McClure's Magazine, Vol. 6, No. 6, May, 1896 eBook

This eBook from the Gutenberg Project consists of approximately 209 pages of information about McClure's Magazine, Vol. 6, No. 6, May, 1896.

[Illustration:  Peasant reposingFrom A painting by Jean Francois Millet, exhibited in the Salon of 1863.

Reproduced by permission of Braun, Clement & Co.  This picture, popularly known as “The man with the hoe,” was the cause of much discussion at the time of its exhibition.  Millet was accused of socialism; of inciting the peasants to revolt; and from his quiet retreat in the country, he defended himself in a letter to his friend Sensier as follows:  “I see very clearly the aureole encircling the head of the daisy, and the sun which glows beyond, far, far over the country-side, its glory in the skies; I see, not less clearly, the smoking plough-horses in the plain, and in a rocky corner a man bent with labor, who groans as he works, or who for an instant tries to straighten himself to catch his breath.  The drama is enveloped in splendor.  This is not of my creation; the expression, ‘the cry of the earth,’ was invented long ago.”]

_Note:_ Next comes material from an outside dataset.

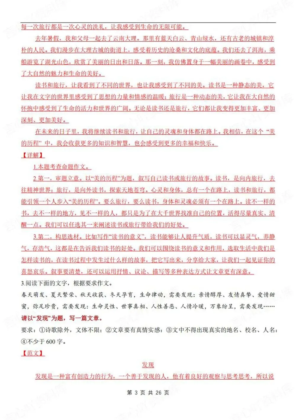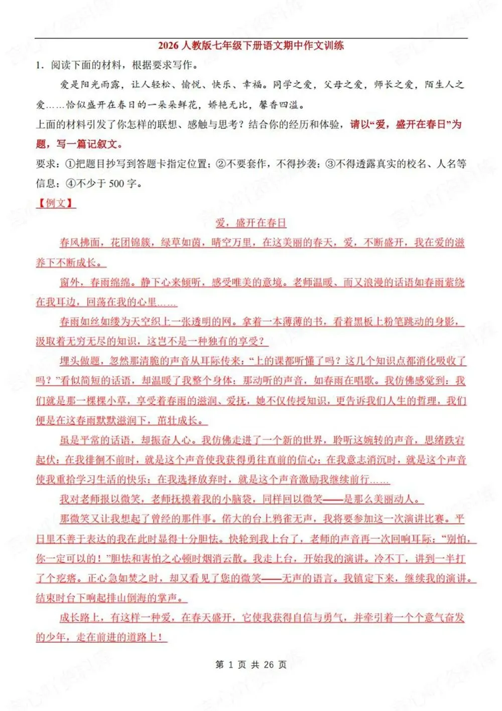 期中归纳,初中语文七年级下新教材初一下册,作文专项练习,CYWH260252,

Millet was reared by his grandmother, such being the custom of the country; the younger women being occupied in the service of the mastering earth, and the elders, no longer able to go afield, bringing up the children born to their children, who in turn replaced their parents in the never-ending struggle.  This grandmother, Louise Jumelin, widow of Nicolas Millet, was a woman of great force of character, and extremely devout.  The most ordinary occupation of the day was made the subject not of uttered prayer, for that would have entailed suspension of her ceaseless activity, but of spiritual example tersely expressed, which fell upon the fruitful soil of Millet’s young imagination, and left such a lasting impression that to the end of his life his natural expression was almost Biblical in character of language.

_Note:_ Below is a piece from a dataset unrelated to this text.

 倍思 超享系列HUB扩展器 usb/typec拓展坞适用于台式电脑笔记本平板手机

Another formative influence of this young life was that of a granduncle, Charles Millet, a priest who, driven from his church by the Revolution, had returned to his native village and taken up the simple life of his people, without, however, abandoning his vocation.  He was to be seen behind his plough, his priest’s robe gathered up about his loins, his breviary in one hand, following the furrow up and down the undulating fields which ran to the cliffs.

[Illustration:  The milk-CarrierFrom A painting by Jean Francois Millet.

Reproduced by permission of Braun, Clement & Co.  Probably commenced at Cherbourg, where Millet took refuge with his family during the Franco-Prussian War, as Sensier mentions it on Millet’s return.  This picture, or a replica of it (Millet was fond of repeating his subjects, with slight changes in each case), was in his studio in 1873, and called forth the remark quoted in the text, about the women in his country.]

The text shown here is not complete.